KEGG (Pathway Search)
KEGG searches query the Kyoto Encyclopedia of Genes and Genomes for metabolic pathways, signaling cascades, and disease pathways. Results create a PathwayNode — an interactive, zoomable pathway map with clickable entities (genes, compounds, reactions).
Example Queries
| Query | Type | Expected Result |
|---|---|---|
glycolysis | Pathway name | Glycolysis / Gluconeogenesis (hsa00010) |
MAPK | Pathway name | MAPK signaling pathway (hsa04010) |
mTOR | Pathway name | mTOR signaling pathway (hsa04150) |
hsa04110 | KEGG ID | Direct lookup for Cell cycle pathway |
purine metabolism | Pathway name | Purine metabolism (hsa00230) |
Tips
- Use standard pathway names as they appear in KEGG. Common abbreviations (
MAPK,mTOR,TCA cycle) are recognized. - KEGG pathway IDs (e.g.,
hsa04110) perform direct lookups. Thehsaprefix indicates human pathways. - Double-click any entity (gene box, compound circle) in the pathway map to view its details or search for it in the corresponding database.

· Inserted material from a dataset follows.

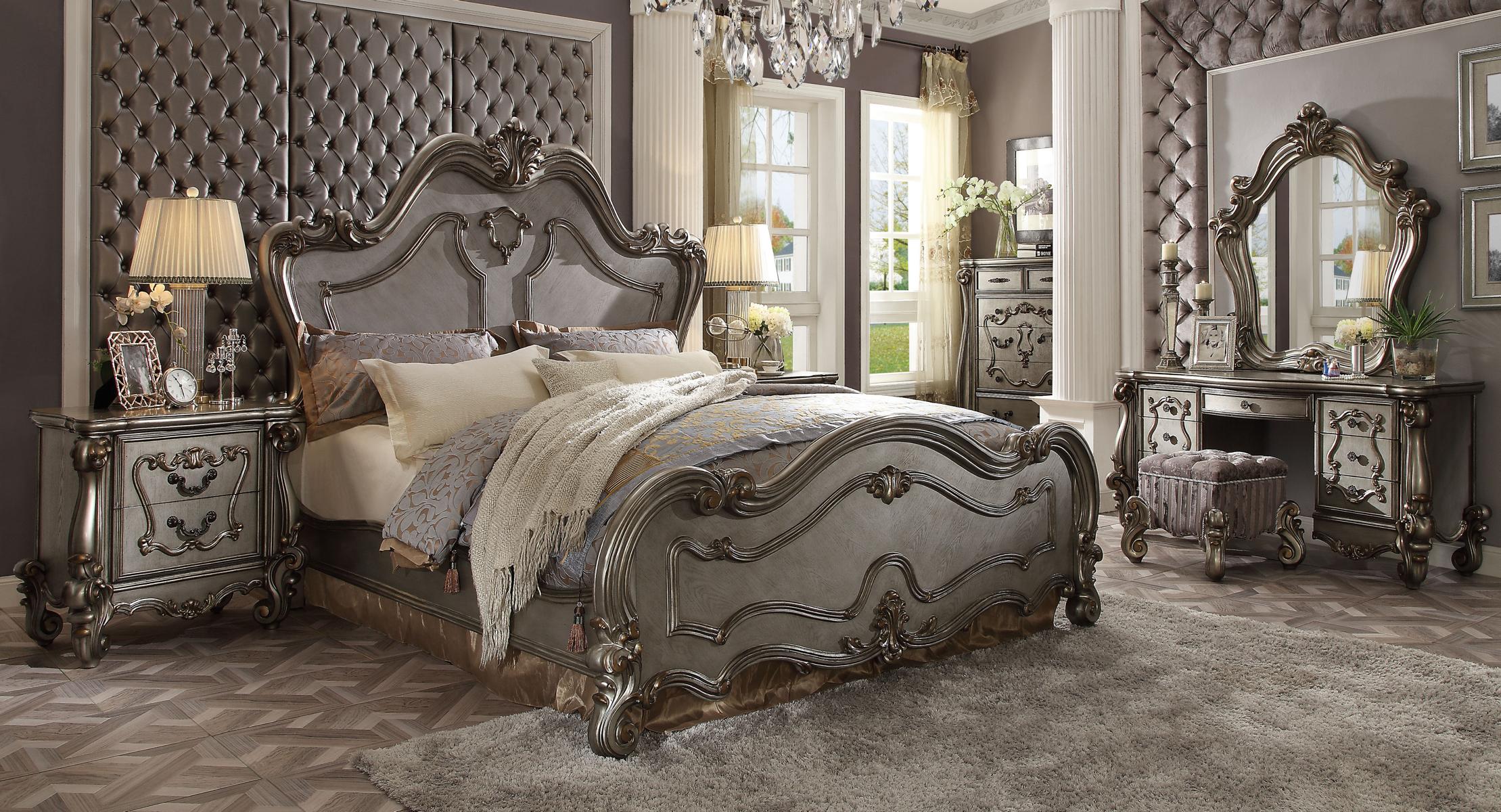 Chesterfield Barock Bett Doppelbett 2x Nachttische Holz Design Betten
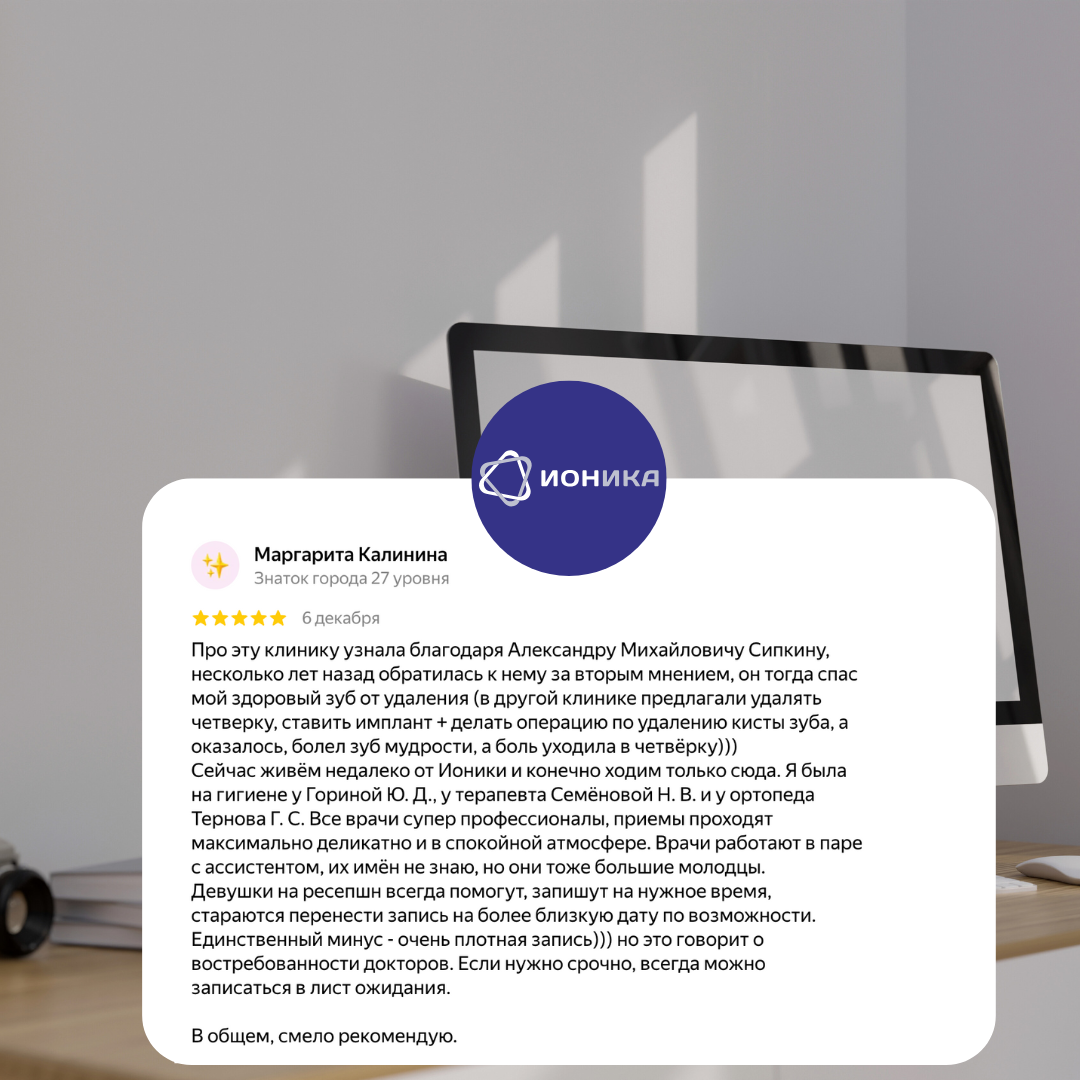 Недавно обратилась в клинику Ионика. Первое что очень понравилось - это бесплатный первичный прием, на котором сделали сканирование всех зубов тоже бесплатно. Далее решила ставить коронку на 6 зуб - результатом очень довольна. Зуб получился красивый, сделали быстро, качественно и цена очень приемлемая. В клинике очень причтная атмосфера, вежливый персонал и замечательные врачи. Отношение к клиенту 10 из 10. Будем ходить туда всей семьей. А еще чистка зубов очень понравилась — после нее не повысилась чувствительность , а все зубы словно новые стали.

- Pathway maps are interactive: zoom with scroll, pan by dragging, and click entities to highlight connected reactions.
For a full walkthrough of pathway navigation, entity resolution, and cross-database linking from pathway maps, see the Pathway Exploration page.
NCBI Nucleotide (Sequence Search)
NCBI Nucleotide searches query the GenBank and RefSeq sequence databases for genomes, plasmids, chromosomes, and individual gene sequences. Results create a CgviewNode — an interactive circular or linear genome map rendered with Cgview.js, showing annotated features like genes, regulatory elements, and restriction sites.
Example Queries
| Query | Type | Expected Result |
|---|---|---|
pUC19 | Plasmid name | pUC19 cloning vector (circular map) |
E. coli K-12 | Organism | E. coli K-12 reference genome |
SARS-CoV-2 | Organism | SARS-CoV-2 reference genome (linear) |
NC_000913 | RefSeq accession | E. coli K-12 MG1655 genome |
lambda phage | Common name | Bacteriophage lambda genome |
Tips
- Well-annotated sequences (reference genomes, common plasmids) produce the richest genome maps with full feature annotations.
- RefSeq accession numbers (e.g.,
NC_000913) and GenBank accessions perform direct lookups. - Circular maps are generated for circular molecules (plasmids, bacterial chromosomes). Linear maps are used for linear genomes and chromosomal segments.
- Zoom into specific regions of the genome map to see individual gene annotations, reading frames, and regulatory features.
Search Behavior
Caching
Search results are cached locally to speed up repeat queries and reduce load on external databases.
| Cache Type | TTL | Description |
|---|---|---|
| Search results | 60 seconds | Same query returns instantly within the window |
| Detail results | 300 seconds | Expanded node data (structures, full records) |
| Maximum entries | 500 | LRU eviction removes least-recently-used entries first |
Rate Limits
| Database Group | Limit | Notes |
|---|---|---|
| NCBI (Gene, PubMed, GEO, Nucleotide) | 3 req/s default, 10 req/s with API key | All NCBI databases share the same rate limit pool |
| UniProt, PDB, ChEMBL | No strict rate limits | Fair-use policies apply |
| Per-user unified endpoint | 20 searches/minute | Applies across all databases combined |
If you have an NCBI API key, configure it in your account settings to increase the NCBI rate limit from 3 to 10 requests per second. Get a free key at ncbi.nlm.nih.gov/account/settings.
Error Handling
- If an external database is temporarily unavailable, the search returns "No results found" rather than an error. This is graceful degradation — retry after a few seconds.
- Each database query has a timeout of 3-5 seconds. Slow upstream responses are terminated cleanly.
- No 500 errors propagate to the UI. All failures are caught and displayed as user-friendly messages.